Si la fausse quittance permet d'obtenir un crédit immobilier ou de tromper un assureur, la qualification d'escroquerie (article 313-1 du Code pénal) peut s'ajouter, avec des peines allant jusqu'à 5 ans de prison et 375 000 € d'amende.

Exemple concret

M. Lemaire, candidat à la location d'un appartement à Lyon, fabrique trois fausses quittances de loyer à 900 €/mois pour prouver qu'il payait son loyer sans incident dans son ancien logement. L'agence immobilière contacte l'ancien bailleur, qui confirme n'avoir jamais loué à M. Lemaire. Résultat : dépôt de plainte pour faux et usage de faux. M. Lemaire risque jusqu'à 3 ans de prison et 45 000 € d'amende — sans compter le refus définitif de sa candidature.

Dans quels cas les fausses quittances sont-elles détectées ?

La fraude documentaire dans les dossiers de location est un phénomène massif : en Île-de-France, 25 à 30 % des dossiers contiennent au moins un document falsifié. Les fausses quittances sont repérées dans trois contextes principaux.

Dossier de location vérifié par l'agence

Les agences immobilières et les plateformes de gestion locative croisent systématiquement les pièces du dossier : quittances, avis d'imposition, bulletins de salaire, contrat de bail. Une incohérence entre le montant du loyer déclaré sur la quittance et celui figurant sur l'avis d'imposition déclenche une vérification. Certaines agences appellent directement l'ancien bailleur pour confirmer l'authenticité du document.

Contrôle CAF

La Caisse d'Allocations Familiales peut demander une quittance de loyer pour vérifier le droit aux aides au logement (APL, ALS). En cas de contrôle, la CAF croise les données déclarées avec celles du bailleur et de l'administration fiscale. Une fausse quittance utilisée pour obtenir des APL relève de la fraude aux prestations sociales — et l'article 441-6 du Code pénal s'applique.

Demande de prêt bancaire

Les banques exigent des quittances de loyer récentes dans les dossiers de crédit immobilier pour évaluer le taux d'effort du candidat emprunteur. Elles disposent d'outils de vérification documentaire et peuvent contacter le bailleur. Une fausse quittance détectée à ce stade entraîne le refus du prêt et un signalement pour tentative d'escroquerie.

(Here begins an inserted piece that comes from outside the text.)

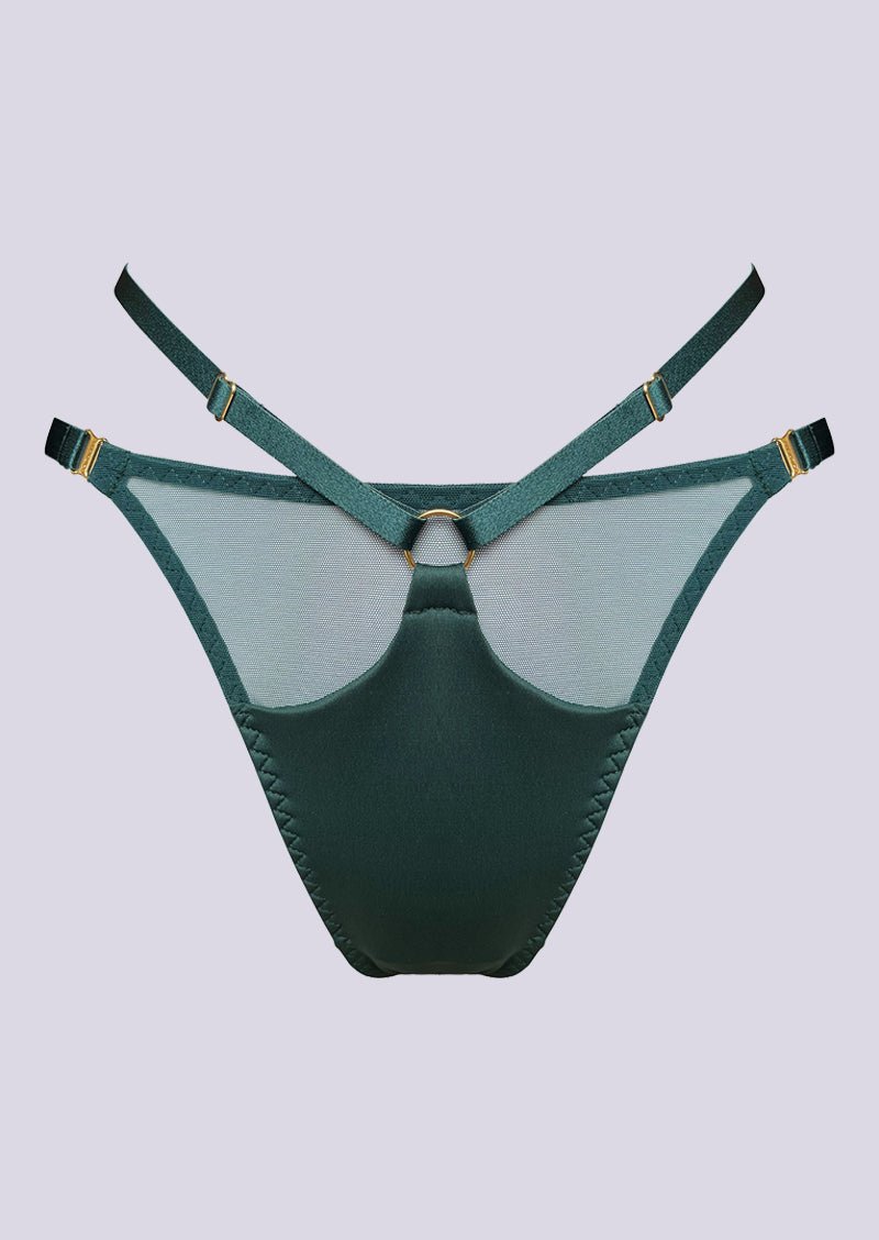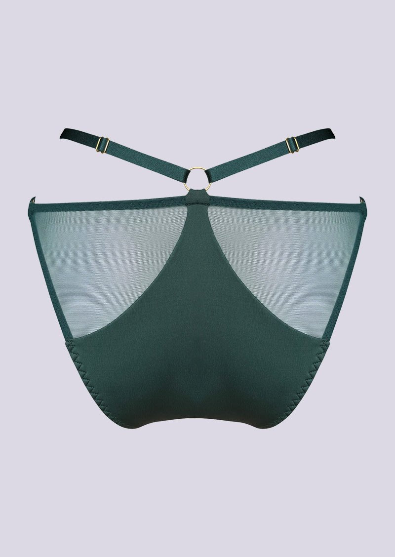 The Vero Brief in Eden is a pinnacle of luxury and allure. This sumptuous brief features subtle see-through accents that elevate ordinary lingerie elegance. Crafted with adjustable straps for a bespoke fit, every detail exudes sophistication. The back showcases a stunning design that commands attention. Immerse yourself in the opulent fusion of luxury and sensuality with this dark green brief, where each nuance is meticulously fashioned. It is designed to elevate your confidence and create an extraordinary statement in style. Experience the perfect blend of comfort and allure with every wear of this exceptional brief.

Comment vérifier l'authenticité d'une quittance de loyer ?

Que vous soyez bailleur, agent immobilier ou organisme, voici les vérifications essentielles.

Contacter le bailleur. Le moyen le plus fiable reste d'appeler ou d'écrire au propriétaire dont le nom figure sur la quittance. Un bailleur légitime confirmera l'existence du bail et le montant du loyer.

Vérifier la cohérence des montants. Le loyer hors charges + les provisions pour charges indiqués sur la quittance doivent correspondre au montant prévu dans le bail. Un loyer de 750 € sur la quittance alors que le bail mentionne 650 € est un signal d'alerte immédiat.

Croiser avec les relevés bancaires. Demander un relevé bancaire montrant les virements mensuels au bailleur permet de recouper le montant et la régularité des paiements avec les quittances fournies.

Repérer les anomalies visuelles. Une police de caractères inhabituelle, une mise en page désordonnée, l'absence de signature, des dates incohérentes ou l'absence des coordonnées complètes du bailleur sont autant de signaux d'alerte.

Le bailleur qui reçoit une demande de quittance est d'ailleurs tenu de la fournir : c'est une obligation de fournir une quittance prévue par l'article 21 de la loi n°89-462 du 6 juillet 1989. Un locataire de bonne foi n'a aucune raison de fabriquer un faux — il lui suffit de demander le document à son propriétaire.

La bonne solution : une vraie quittance, gratuite

Le recours à une fausse quittance naît souvent d'un bailleur qui ne répond pas ou d'une méconnaissance des droits du locataire. La loi est claire : tout locataire ayant payé l'intégralité de son loyer et de ses charges peut exiger une quittance, sans frais.